California House Price Prediction Demo
This project aims to understand how house prices are determined and how they correlate with various factors in California. By analyzing the data, we can gain insights into the housing market trends and factors influencing house prices.
The dataset includes the following features:
- Longitude: Indicates how far west a house is.
- Latitude: Indicates how far north a house is.
- Housing Median Age: Median age of houses within a block; lower values represent newer buildings.
- Total Rooms: Total number of rooms within a block.
- Total Bedrooms: Total number of bedrooms within a block.
- Population: Total number of people residing within a block.
- Households: Total number of households within a block.
- Median Income: Median income for households within a block (measured in tens of thousands of US Dollars).

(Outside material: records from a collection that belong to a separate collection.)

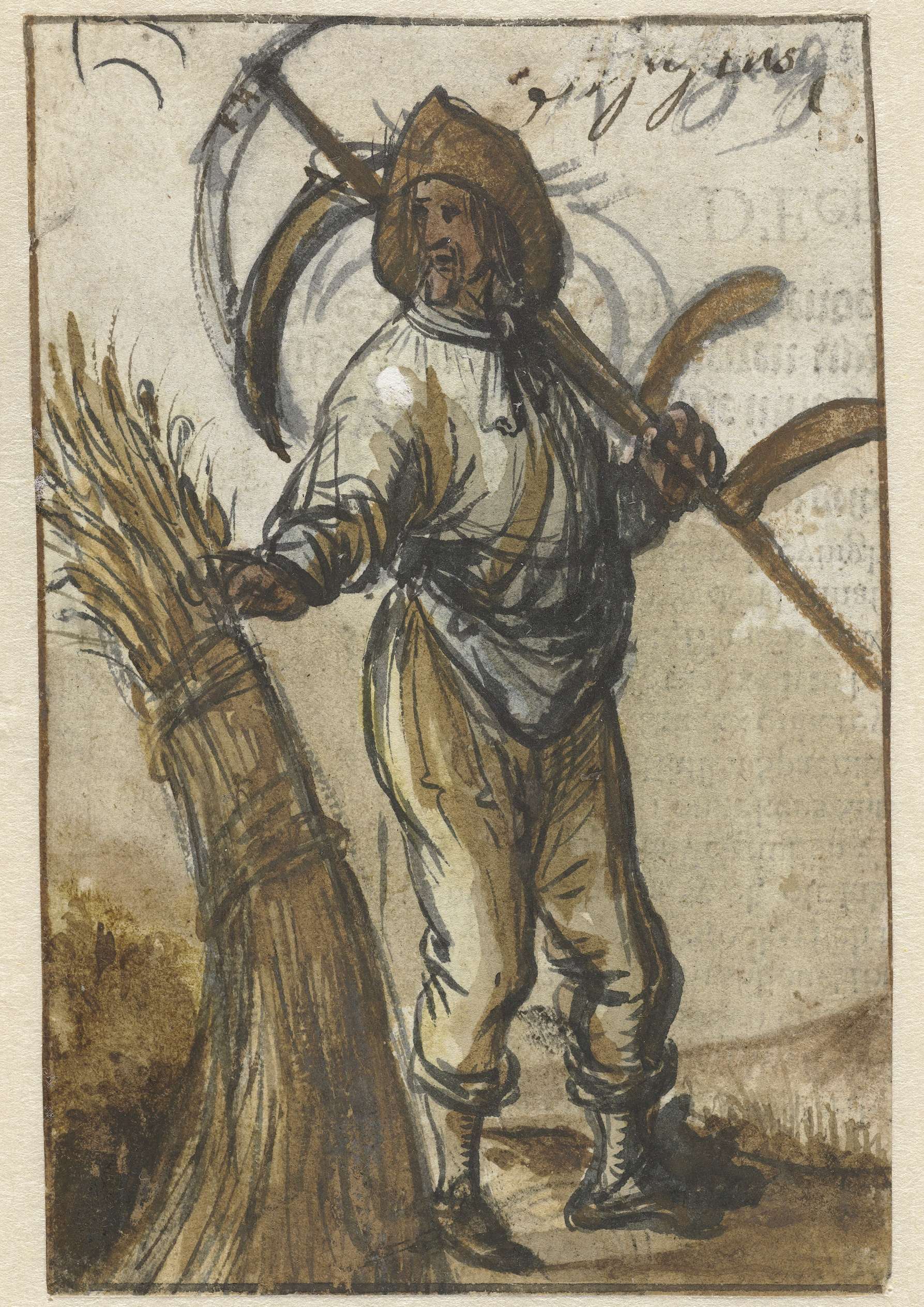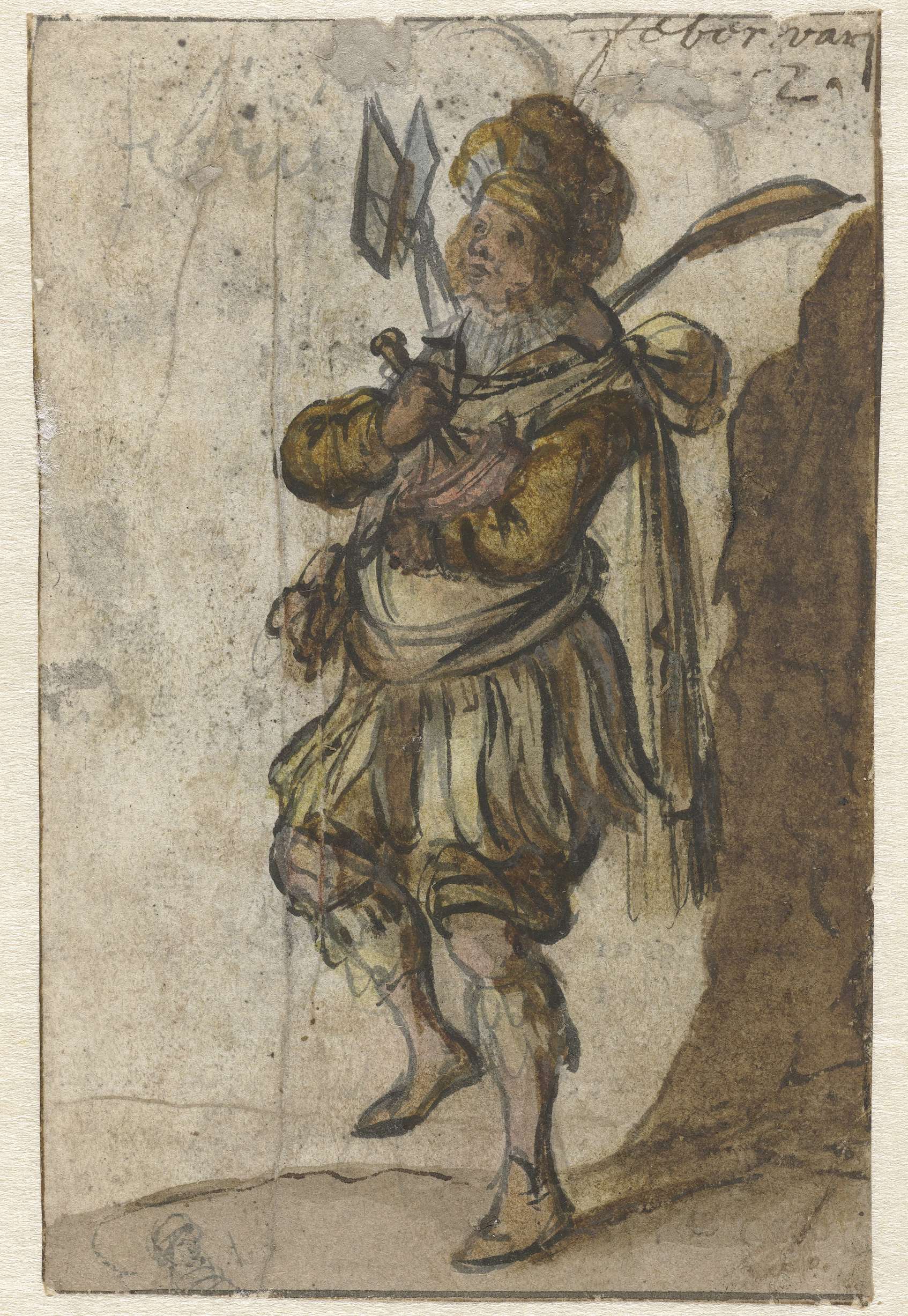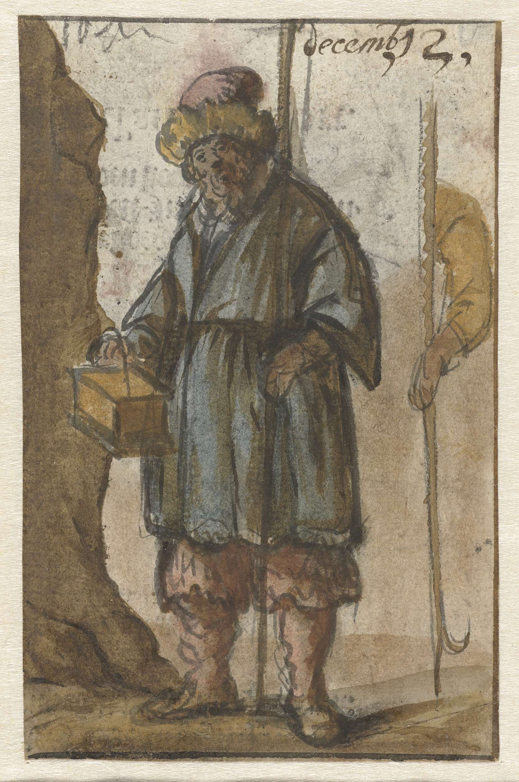 Studie van figuur gehuld in een lange mantel, op de ...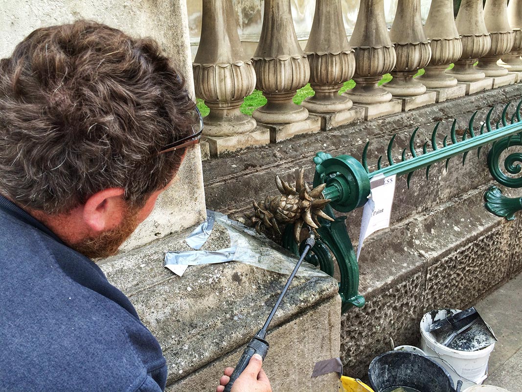 The restoration is as remarkable for the care and precision that has gone into it as its finished appearance. The layers of paint on the railings, fine examples of early 19th-century ironwork, were analysed in order to find their original colour, a bronze green and gold for certain elements. The railings were repainted in that green, originally aimed at imitating patinated bronze, while the wavy spikes topping them and large pineapple finials were highlighted with gold leaf. The coffered ceiling, adorned with a cornucopia of pineapples, melons, grapes, and apples, in such abundance that they seem to be almost bursting out of their frames, was restored, cleaned and consolidated. The same goes for the frieze spanning all round the top of the walls of the portico, depicting a playfully intricate combination of putti and their dogs chasing stags, boars and other wild animals amidst a lush stylised foliage of acanthus leaves. The museum produced a series of panoramas before taking down the scaffolding allowing the viewer to fully appreciate the virtuosity of the design.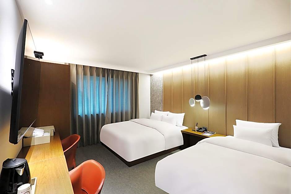 We took the Superior Twin Room, 3 adults. The best part tht im grateful for is tht there was an AI staff in the ceiling camera to help us get a taxi at 4AM! it speaks english too! Great experience! Haha (human staff only worked until 10pm). Hotel was easily located from Naver app, we walked from train station (2 stops before Incheon airport). The hotel was modern and beautiful! The lobby had complimentary coffee machine, filtered water and ice! There were vending machines for amenities like toothbrush etc. But not sure if its free. Nice ambience from the lobby all through to the room. We were greeted by the staff and she even remembered my name and was expecting me as we arrived at 8pm (she told us about the AI camera in the ceiling). As it is common in korea hotels to be given only small sized towels, she gave us bath sized towels without us asking! Theres a lift up to the room, the room was rather small for us to unload our luggages but it was ok as we will be headed to the airport next morning anyway. I loved tht the room had an air purifier and the disinfectant closet, they had a smart toilet, lol the seats were warm! The room flooring is heated too. The bed sheets were nice and had comfy pillows. They provided bath amenities and had a full box of hair dryer, combs and such. Theres a water kettle in the room with cups for tea and coffee provided.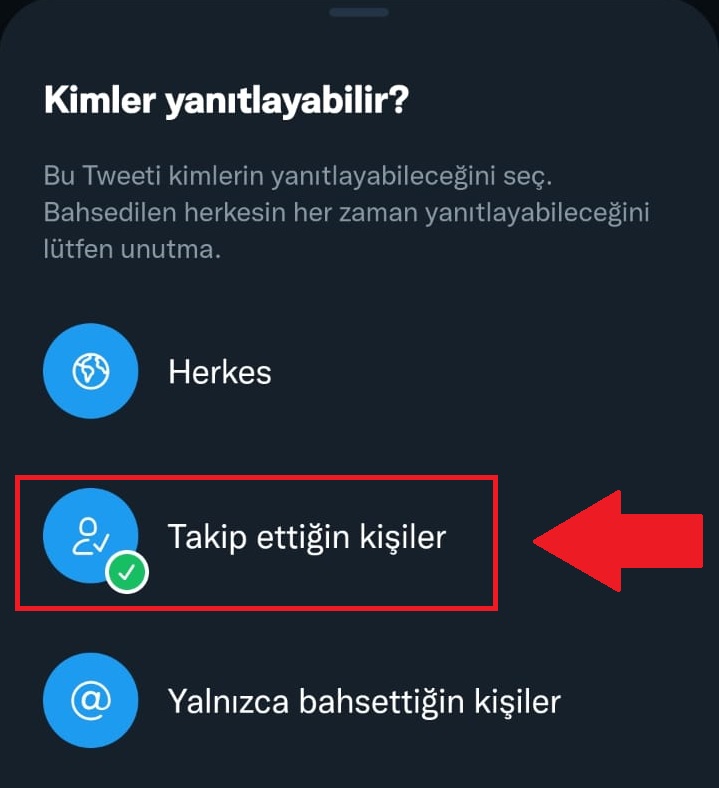 - “Yalnızca bahsettiğin kişiler” seçeneğinde ise sadece paylaşım içerisinde bahsettiğiniz kullanıcılar yanıt verebilir.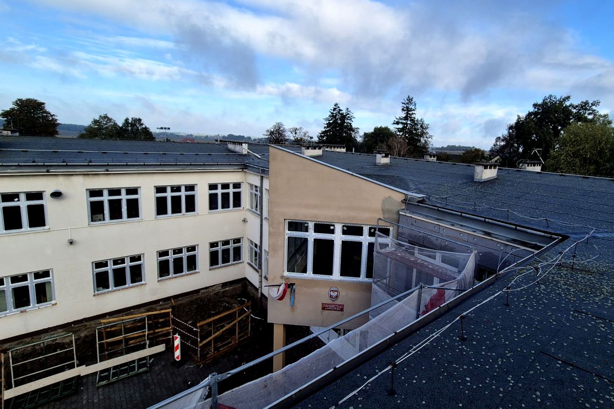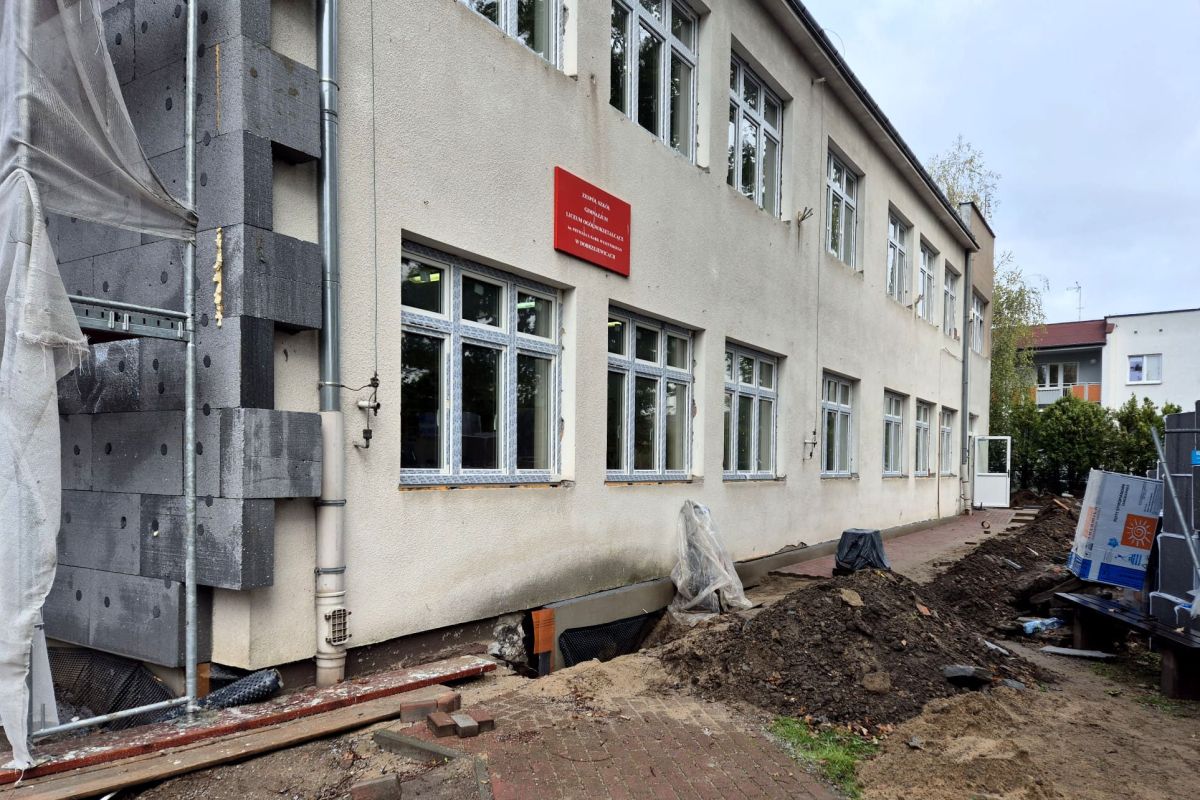 Prace przy termomodernizacji Zespołu Szkół w Dobrzejewicach sukcesywnie postępują. Po wymianie stolarki okiennej i modernizacji instalacji centralnego ogrzewania rozpoczęto etap ocieplania budynku.

- Median House Value: Median house value for households within a block (measured in US Dollars).
- Ocean Proximity: Indicates the location of the house with respect to the ocean/sea.
I have cleaned the data by:
- Dropping null rows
- Providing one-hot vectors for categorical variables
- Found correlation between variables using heatmap, etc.
- NumPy
- Pandas
- Matplotlib
- Seaborn
- Scikit-learn
- Linear Regression
- Random Forest Regressor
You can try out this model using the California housing prices dataset available on Kaggle: California Housing Prices Dataset
- Linear Regression: 0.6687407117584969 (66.87%)
- Linear Regression (After Scaling): 0.6692303774756764 (66.92%)
- RandomForestRegressor: 0.7649087057809763 (76.49%)
- GridSearchCV RandomForestRegressor: 0.771010764128469 (77.1%)
The project has been completed successfully, providing valuable insights into data analysis concepts and data science methodologies.